Il voto delle donne che cambiò l’Italia quel 2 giugno 1946

Katya Maugeri

Monarchia o Repubblica? Oltre dodici milioni di donne a esprimere il proprio parere politico, per eleggere i deputati dell’Assemblea Costituente cui spetterà il compito di redigere la nuova carta costituzionale. Lunghissime file di fronte ai seggi elettorali. Donne che impazienti attendevano il turno, per manifestare la loro opinione, per la prima volta, attraverso il voto.

Era il 2 giugno del 1946. Voti che contribuirono a decretare l’esilio di casa Savoia. Una vittoria importante, frutto di lunghe battaglie sociali, politiche, culturali. Erano state numerose le lotte per affermare e conquistare l’emancipazione femminile, la parità dei diritti, il diritto all’istruzione.
Già nel 1919 il Parlamento approvò la proposta di legge per il riconoscimento della capacità giuridica della donna, rimandandone però l’attuazione alla legislatura successiva. Fu Benito Mussolini, nel 1923, a introdurre il suffragio amministrativo femminile, che non trovò attuazione a causa della stessa riforma fascista degli enti locali; le suffragiste – che avevano sostenuto il fascismo credendolo una forza di modernizzazione nazionale – dovettero rinunciare, ancora una volta, e attendere la liberazione del Paese dalla dittatura. La vera svolta avvenne il 1° febbraio del 1945 quando durante il governo Bonomi, su proposta di Alcide De Gasperi e Palmiro Togliatti, venne concesso il diritto di voto alle donne italiane. Un impegno civile e politico incarnati in figure importanti quali Nilde Lotti – prima donna a ricoprire la carica di presidente della Camera, e Tina Anselmi – partigiana attivista nella lotta contro il fascismo. Un traguardo raggiunto grazie al coraggio di donne che la storia l’hanno segnata e vissuta attraverso sogni diventati sentieri da percorrere.

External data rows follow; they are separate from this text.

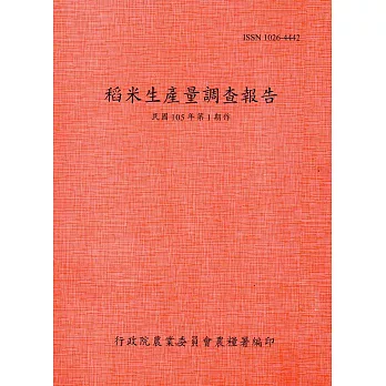 詳細資料ISBN:30016407 叢書系列:期刊 規格:平裝 / 149頁 / 16K/ 19 X 26 CM / 普通級/ 單色印刷 / 初版 出版地:台灣 內容簡介 臺灣糧食統計要覽103年 |
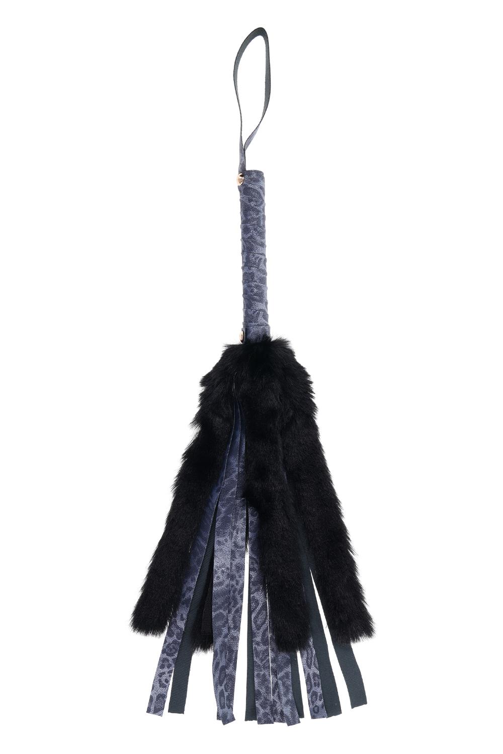 Whip up some excitement with the Cougar Faux Fur Flogger. Featuring luxurious royal blue faux fur falls and a stylish handle, this flogger is perfect for playful and sensual exploration. The gold accents add a touch of elegance, ensuring your wild adventures are as glamorous as they are thrilling. Captivating faux leather wrapped handle with faux leather fallsExceptionally soft black faux fur falls13” / 33 cm faux leather falls and 10.75” / 27,3 cm faux fur falls Colour: navyMaterials: 50% polyurethane, 35% polyester, 10% ABS, 5% iron
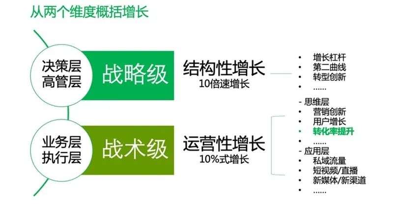 方向正确了,业务层、即执行层需要在运营性增长上多努力,以实现10%式增长,这就是我们战术级增长,还可以切分成思维层和应用层。
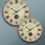 Weathered, laminated clock face with brass center components and internal pendulum.
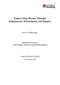 Alotaibi, A. D. (2025) Empowering women through employment: determinants and impacts. PhD thesis, University of Reading. doi: 10.48683/1926.00122703
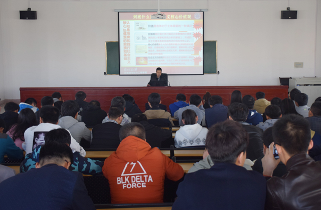 翟存祥從社會(huì)主義核心價(jià)值觀的時(shí)代背景、社會(huì)主義核心價(jià)值觀的頂層設(shè)計(jì)、核心價(jià)值觀與核心價(jià)值體系的關(guān)系、社會(huì)主義核心價(jià)值觀的系統(tǒng)培育、社會(huì)主義核心價(jià)值觀的全面踐行等五個(gè)方面,分析了中國共產(chǎn)黨價(jià)值取向的發(fā)展歷程、培育和踐行社會(huì)主義核心價(jià)值觀的重要性和迫切性,培育和踐行社會(huì)主義核心價(jià)值觀對(duì)實(shí)現(xiàn)中國夢(mèng)的重要現(xiàn)實(shí)意義和深遠(yuǎn)歷史意義,以及培育和踐行社會(huì)主義核心價(jià)值觀的措施等問題,并對(duì)為什么要培育和踐行、怎么培育和踐行作了系統(tǒng)和精彩的解讀。翟存祥指出,十八大報(bào)告將社會(huì)主義核心價(jià)值觀凝練為24個(gè)字:“富強(qiáng)、民主、文明、和諧;自由、平等、公正、法治;愛國、敬業(yè)、誠信、友善”,從國家、社會(huì)、個(gè)人三個(gè)層面,簡(jiǎn)單扼要、簡(jiǎn)約樸實(shí)、簡(jiǎn)潔通俗地提出了社會(huì)主義核心價(jià)值觀的新表達(dá),也為當(dāng)今中國社會(huì)的核心價(jià)值觀構(gòu)建提出了新要求。社會(huì)主義核心價(jià)值觀既有理論的延續(xù)性,又有現(xiàn)實(shí)的針對(duì)性;既有目標(biāo)追求,又有價(jià)值導(dǎo)向,還有行為準(zhǔn)則,是人心所愿、眾望所歸。翟存祥結(jié)合學(xué)院發(fā)展實(shí)際,要求學(xué)生黨員及班團(tuán)干部從現(xiàn)在做起,從自己做起,努力向上,踐行社會(huì)主義核心價(jià)值觀,追求有信念,有夢(mèng)想,有奮斗,有奉獻(xiàn)的人生,讓自己的人生更有意義。
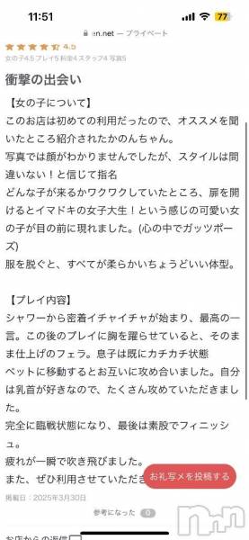 ※判断の難しいコメントは、お店や女の子に判断をゆだねる場合があるため、公開までに時間を頂く場合があります。
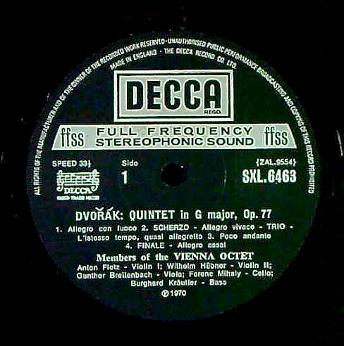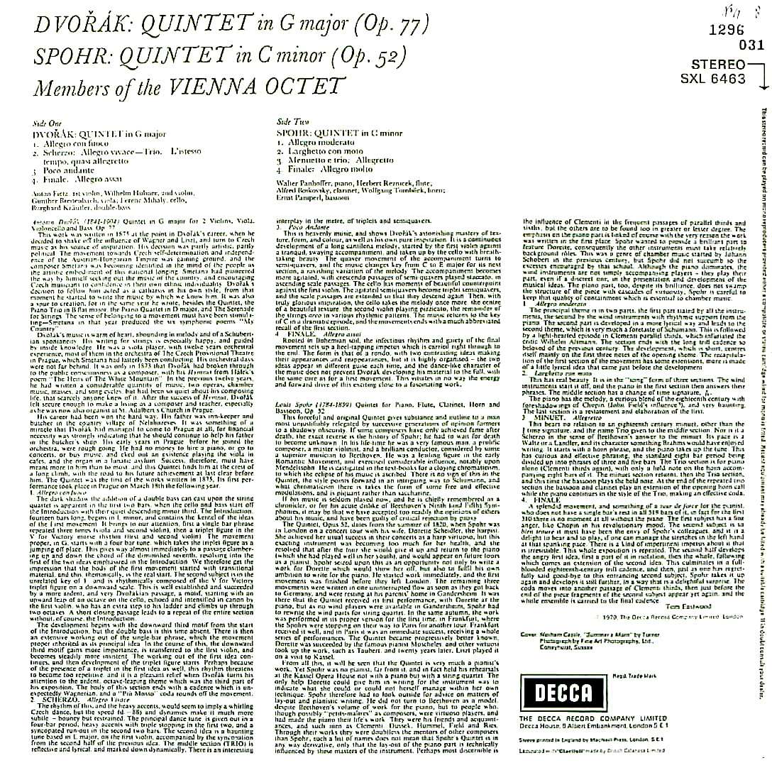 商品コード:1296-031[DECCA] ウィーン八重奏団メンバー /W.パンフォーファー(pf) H.レズニチェク(fl) A.ボスコフスキー(cl) 他/ ドヴォルザーク:弦楽五重奏曲2番Op.77, シュポーア:Pf五重奏曲Op.52
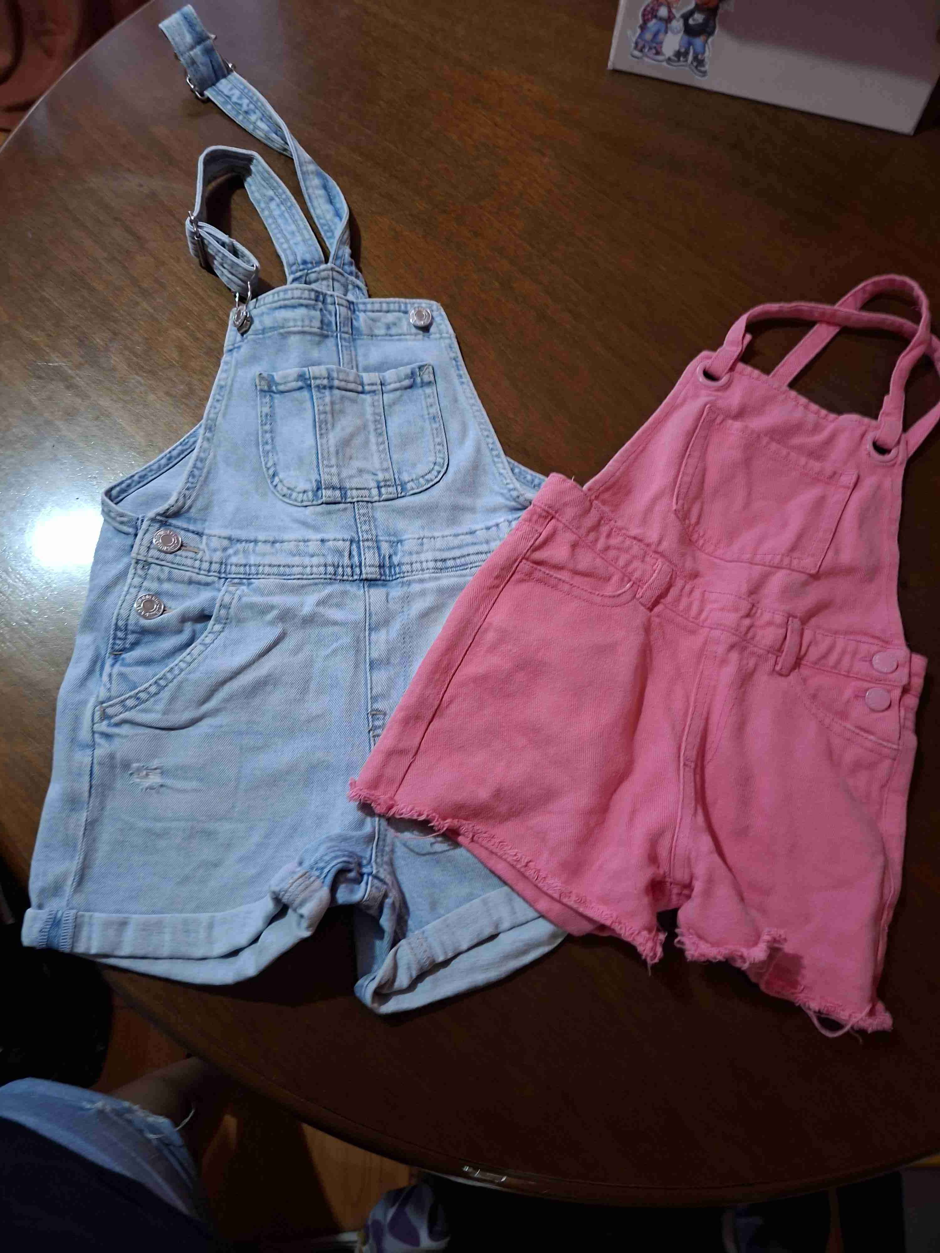 Jardineras cortas para niña, una de mezclilla clara y otra rosada. Ideales para el verano, en buen estado general.
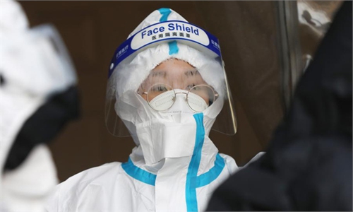 A staff member works at a nucleic acid testing site in Heping District, Shenyang, northeast China's Liaoning Province, ...
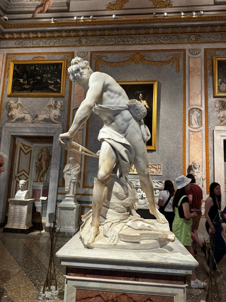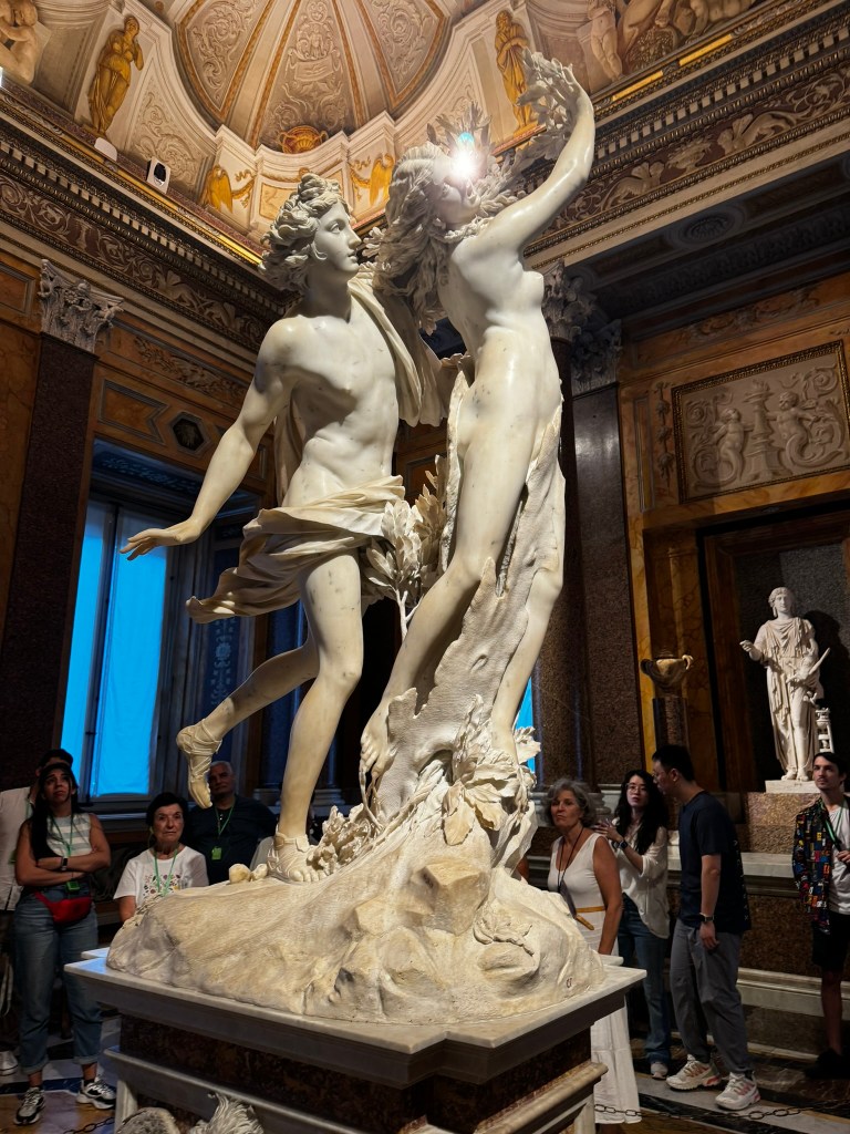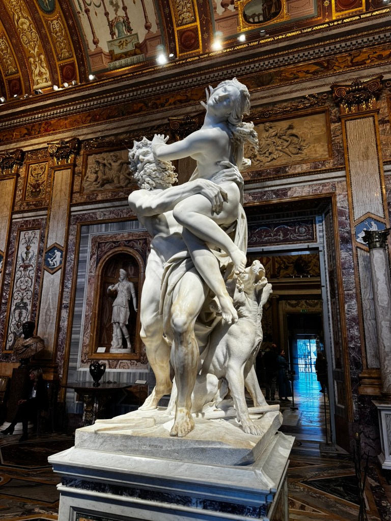 We walked through Villa Borghese Park and took the Borghese Gallery Tour. This museum home of the Borghese family was full of paintings and sculptors. We marveled at Gian Lorenzo Bernini’s sculptors: David, Rape of Proserpine, and Apollo & Daphene. Exquisite!
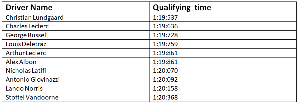 As mentioned, qualifying consisted of an 18-minute session (or about 15 laps) of the drivers going around the circuit, the fastest time deciding the grid for the race. Christian Lundgaard set the fastest pace, a blazing 1:19:537 minutes getting him to the head of the race grid, followed by Charles Leclerc in second place and George Russel in third.
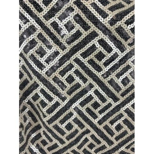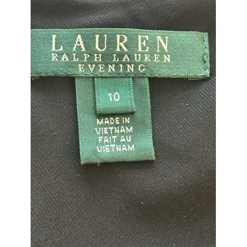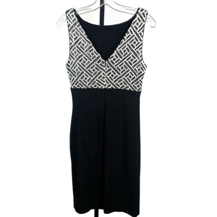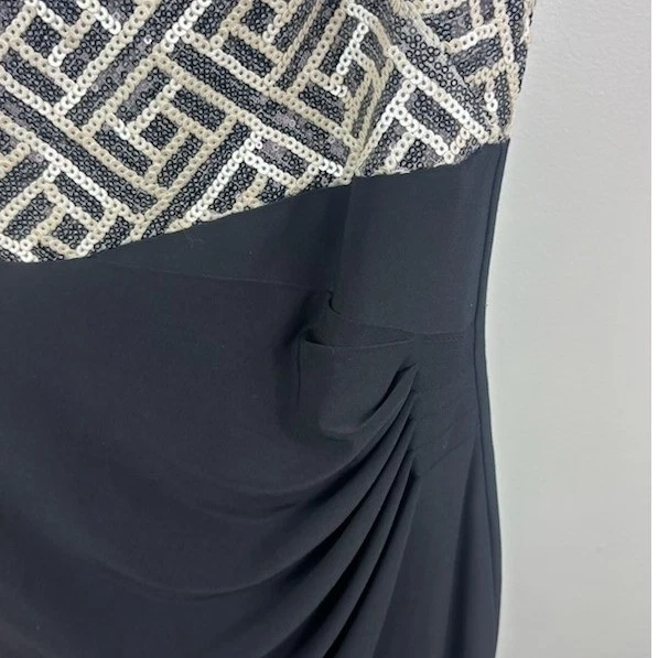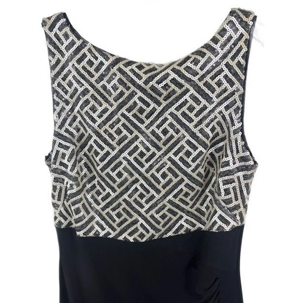 This Ralph Lauren dress is 38 inches in length and 20 inches pit to pit laid flat. A stunning cocktail dress blending geometric sequin embellishments with a sleek black silhouette. The sleeveless design features a dazzling sequin bodice in a striking geometric pattern, transitioning into a flattering ruched skirt that creates an elegant drape. This dress is perfect for a semi-formal event, a wedding guest outfit, or a stylish night out.
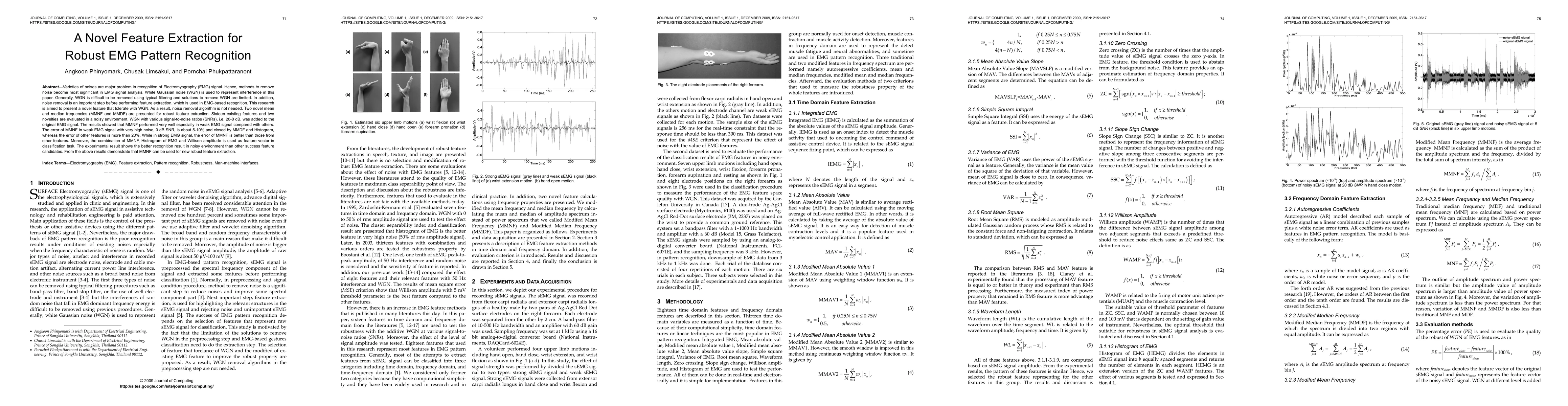 The research presents a novel feature, Modified Mean Frequency (MMNF), for robust Electromyography (EMG) pattern recognition that tolerates white Gaussian noise (WGN), eliminating the need for noise removal algorithms. It evaluates sixteen existing features and two novel features (MMNF and MMDF) in a noisy environment with varying signal-to-noise ratios (SNRs) from 20 to 0 dB.

Emancipazione, libertà che si incastrano a fatica con la nostra attuale realtà, impreparata, una realtà politica e sociale difficile, contraddittoria lontana dalle idee e dagli ideali che alimentavano le donne in fila dinanzi quei seggi, con la voglia di migliorare la propria condizione, credendo fortemente al cambiamento attivo come in quel 2 giugno 1946.